▶ _PROBLEM TO WORK ON_
Go to the line below containing "Flannel embellished necklace" and print exactly from there through the line containing "Download the piano", both included. Print nothing else.

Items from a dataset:
--- START ---
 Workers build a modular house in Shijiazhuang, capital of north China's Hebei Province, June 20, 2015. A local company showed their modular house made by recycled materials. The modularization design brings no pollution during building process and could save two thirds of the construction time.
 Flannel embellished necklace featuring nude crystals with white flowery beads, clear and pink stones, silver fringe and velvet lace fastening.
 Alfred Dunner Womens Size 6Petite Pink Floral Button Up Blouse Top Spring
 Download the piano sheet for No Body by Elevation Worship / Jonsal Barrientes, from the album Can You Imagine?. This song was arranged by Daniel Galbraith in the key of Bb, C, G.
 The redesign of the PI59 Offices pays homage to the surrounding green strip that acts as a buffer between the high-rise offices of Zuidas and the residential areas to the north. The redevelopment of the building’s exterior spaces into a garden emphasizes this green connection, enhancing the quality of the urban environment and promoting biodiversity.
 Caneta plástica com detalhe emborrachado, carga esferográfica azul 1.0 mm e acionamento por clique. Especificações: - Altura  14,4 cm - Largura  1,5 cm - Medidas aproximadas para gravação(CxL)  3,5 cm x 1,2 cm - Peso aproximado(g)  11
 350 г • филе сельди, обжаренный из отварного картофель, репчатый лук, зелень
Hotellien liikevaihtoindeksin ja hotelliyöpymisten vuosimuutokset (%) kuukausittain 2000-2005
--- END ---
▶ _OUTPUT OF THE EXERCISE_
 Flannel embellished necklace featuring nude crystals with white flowery beads, clear and pink stones, silver fringe and velvet lace fastening.
 Alfred Dunner Womens Size 6Petite Pink Floral Button Up Blouse Top Spring
 Download the piano sheet for No Body by Elevation Worship / Jonsal Barrientes, from the album Can You Imagine?. This song was arranged by Daniel Galbraith in the key of Bb, C, G.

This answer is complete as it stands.